Thus, for a tying arrangement to be a violation of Section 1 of the Sherman Act (as well as Section 3 of the Clayton Act, although a violation of that section of the Clayton Act is not presented to us on appeal) it must be shown that (1) the seller has sufficient economic power over the tying product, e. g., monopoly, market dominance, etc., to induce his customer, through economic leverage, to purchase the tied product along with the tying product, and (2) a not insubstantial amount of commerce in the tied product is restrained as a result. See Sulmeyer v. Coca Cola Company, 515 F.2d 835, 844 (5th Cir. 1975), cert. denied, 424 U.S. 934, 96 S.Ct. 1148, 47 L.Ed.2d 341.

In answers to written questions, the jury in the present case found, from what it believed to be a preponderance of the evidence, that the provisions of the Volkswagen dealer and distribution franchise agreements constituted tying agreements under Section 1 of the Sherman Act. It further found that such agreements were not necessary to preserve the goodwill of the defendants.

It is well established that tying arrangements are illegal per se. See, e. g., Fortner Enterprises, Inc. v. United States Steel Corp., 394 U.S. 495, 89 S.Ct. 1252, 22 L.Ed.2d 495 (1969); Northern Pacific Railway Co. v. United States, 356 U.S. 1, 78 S.Ct. 514, 2 L.Ed.2d 545 (1958); Miller v. Granados, 529 F.2d 393 (5th Cir. 1976); Kentucky Fried Chicken Corp. v. Diversified Packaging Corp., 549 F.2d 368 (5th Cir. 1977). That is to say, there are “certain categories of business arrangements . [which] exhibit a high likelihood of anticompetitive impact and offer virtually no prospect at all of enhancing competition. With respect to such arrangements, antitrust plaintiffs need not demonstrate unreasonableness; the conduct constitutes a per se violation of the Sherman Act. The per se label indicates that a plaintiff need not demonstrate that the effects of the tie are unreasonable. Indeed, not only is the plaintiff relieved' from establishing that the effects are unreasonable, but in addition the defendant is not free to demonstrate that the effects are reasonable or even affirmatively desirable”. Kentucky Fried Chicken, supra, at 374-375. Of course this is not to say that the plaintiff is relieved from establishing that a tie-in has actually occurred. Lawful arrangements by any other name do not thereby become unlawful.

Appellants assert that there is nothing in the best efforts clauses in their franchise agreements on which to base a finding of an illegal per se tying agreement. Those agreements contain provisions requiring the franchisee to use his “best efforts” to promote Volkswagen automobiles, parts, and accessories. Looking at the “best efforts” clauses in isolation, as appellants would have us do, we would tend to agree with this view. But our duty is to look at the circumstances surrounding the use of these clauses to determine if violations of the antitrust laws occurred. “The presence of the illegal condition may be inferred from an extrinsic course of conduct supplementing the written contract”. Advance Business Systems & Supply Co. v. S.C.M. Corporation, 415 F.2d 55, 64 (4th Cir. 1969), cert. denied, 397 U.S. 920, 90 S.Ct. 928, 25 L.Ed.2d 101.

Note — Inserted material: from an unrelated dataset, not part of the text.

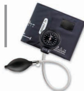
Aneroid integrado clásico DS48A Tycos® #DS48A-11

GARANTÍA DE CALIBRACIÓN DE 15 AÑOS • RESISTENCIA A IMPACTOS DESDE 76 CM • GARANTÍA DE CALIBRACIÓN DE 15 AÑOS • RESISTENCIA A IMPACTOS DESDE 76 CM
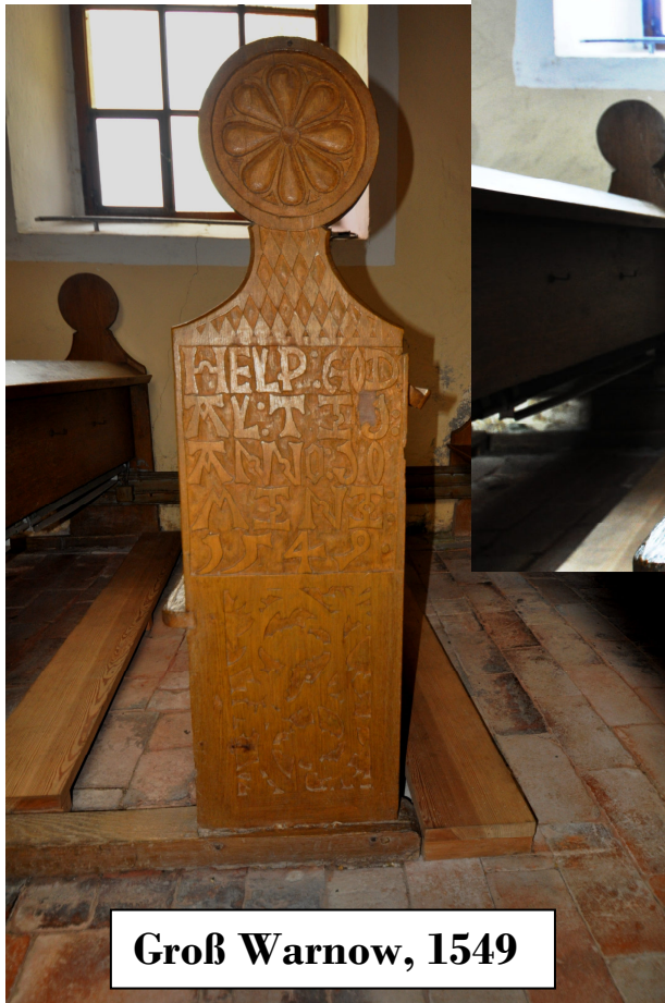
Groß Warnow, 1549

Initially, we reject appellant’s argument that the court’s charge to the jury allowed a finding of tying on the basis of the best efforts provisions standing alone. We view the court’s tying arrangement instruction as sufficient to direct the jury to consider the means by which the provisions were enforced.

It is obvious that VWoA had sufficient economic power in the tying product, Volkswagen automobiles, to “strongly urge” Volkswagen distributors and dealers to purchase VWoA approved parts, the tied product. It is also obvious that more than an insubstantial amount of interstate commerce was affected. See Fortner Enterprises, Inc. v. United States Steel Corp., 394 U.S. 495, 501-502, 89 S.Ct. 1252, 1258, 22 L.Ed.2d 495, 503-504 (1969).

We held in a recent case that “it is not enough to show that the seller has sufficient economic power and that two products were purchased together. In addition, it must be shown that the purchaser was coerced into purchasing an unwanted product.” Response of Carolina, Inc. v. Leasco Response, Inc., 537 F.2d 1307, 1327 (5th Cir. 1976). But Leasco involved a suit by franchisees against a franchisor claiming antitrust violations. In that type of action, a party to a contract is alleging that the contract is being illegally enforced against it or is illegal on its face. Courts are understandably reluctant to find such contracts to be illegal absent a fairly strong showing of coercion. In cases like the one at bar, on the other hand, an independent supplier to the franchisees asserts harm to it because of antitrust violations by the franchisor. The fact of coercion appears less important in this situation then the fact of foreclosure. If franchisees are coerced or “persuaded” to buy goods which they otherwise would not buy, with- the result being tremendous lessening of the market in which a competitor sells his product, such a showing is sufficient to submit the question of a Section 1 antitrust violation to the jury.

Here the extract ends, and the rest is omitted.